Pictures in the entries below are excluded; copy only the lines from the one containing "Çankırı Belediyesi’nin insanlık" to the one containing "Курс CCNA Эксплорэйшн", both included.

▶ _Data for this exercise_
━━━

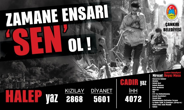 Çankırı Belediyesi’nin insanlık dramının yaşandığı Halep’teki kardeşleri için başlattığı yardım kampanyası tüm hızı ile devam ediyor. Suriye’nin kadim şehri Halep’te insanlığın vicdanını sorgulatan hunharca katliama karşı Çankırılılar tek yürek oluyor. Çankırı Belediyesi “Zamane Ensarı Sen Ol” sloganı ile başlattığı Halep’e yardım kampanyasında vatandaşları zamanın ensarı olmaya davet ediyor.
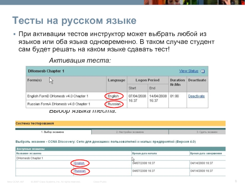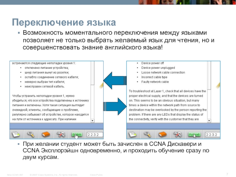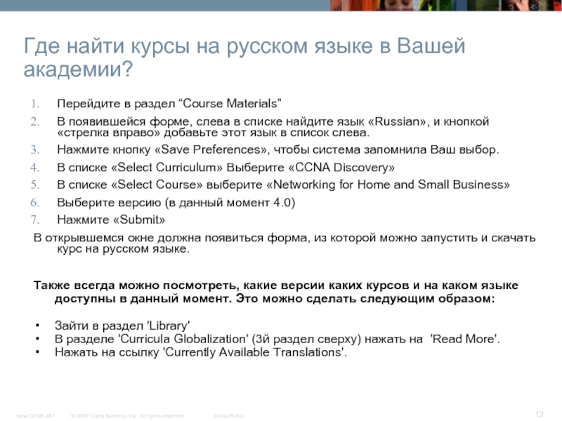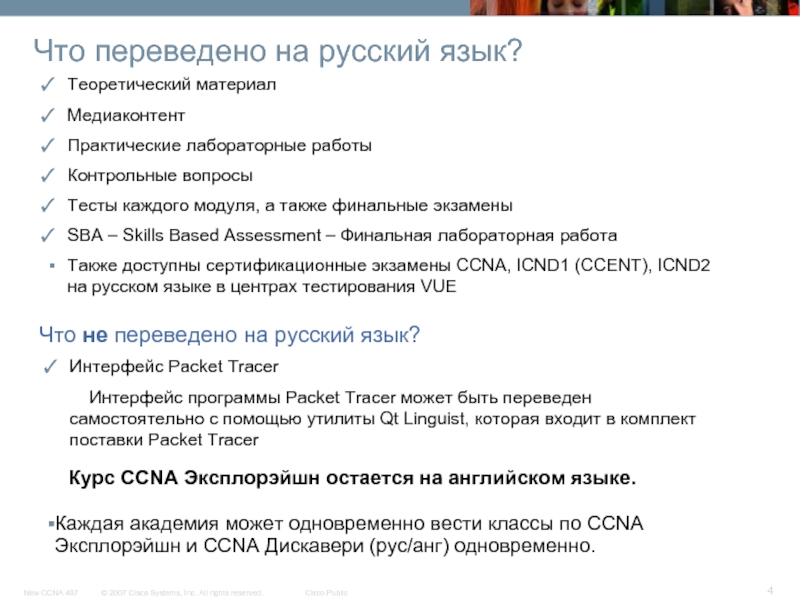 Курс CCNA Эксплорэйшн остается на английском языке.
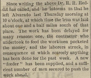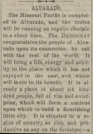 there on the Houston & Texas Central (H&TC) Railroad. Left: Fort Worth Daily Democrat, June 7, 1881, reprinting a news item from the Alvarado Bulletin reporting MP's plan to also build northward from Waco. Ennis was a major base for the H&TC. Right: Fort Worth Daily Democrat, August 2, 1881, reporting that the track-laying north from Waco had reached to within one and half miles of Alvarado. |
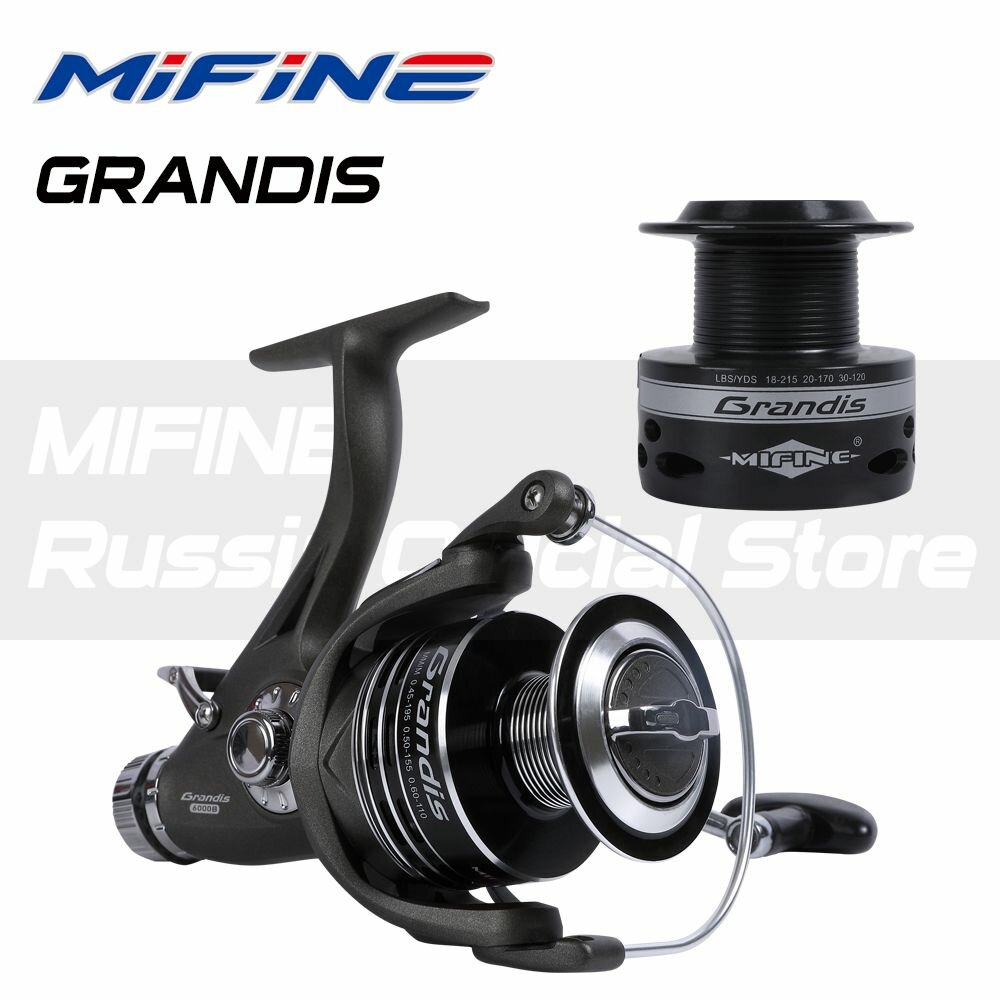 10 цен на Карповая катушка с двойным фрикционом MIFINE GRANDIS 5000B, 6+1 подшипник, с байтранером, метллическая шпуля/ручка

━━━

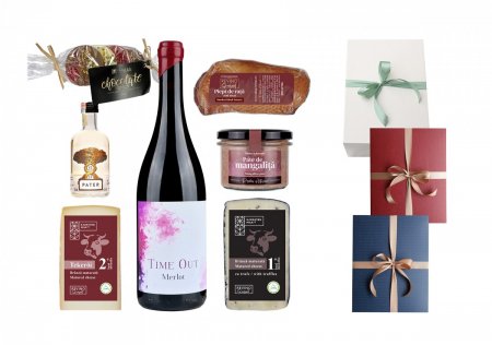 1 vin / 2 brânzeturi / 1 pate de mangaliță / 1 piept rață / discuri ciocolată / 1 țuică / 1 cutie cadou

━━━

▶ _Problem solution_
 Çankırı Belediyesi’nin insanlık dramının yaşandığı Halep’teki kardeşleri için başlattığı yardım kampanyası tüm hızı ile devam ediyor. Suriye’nin kadim şehri Halep’te insanlığın vicdanını sorgulatan hunharca katliama karşı Çankırılılar tek yürek oluyor. Çankırı Belediyesi “Zamane Ensarı Sen Ol” sloganı ile başlattığı Halep’e yardım kampanyasında vatandaşları zamanın ensarı olmaya davet ediyor.
 Курс CCNA Эксплорэйшн остается на английском языке.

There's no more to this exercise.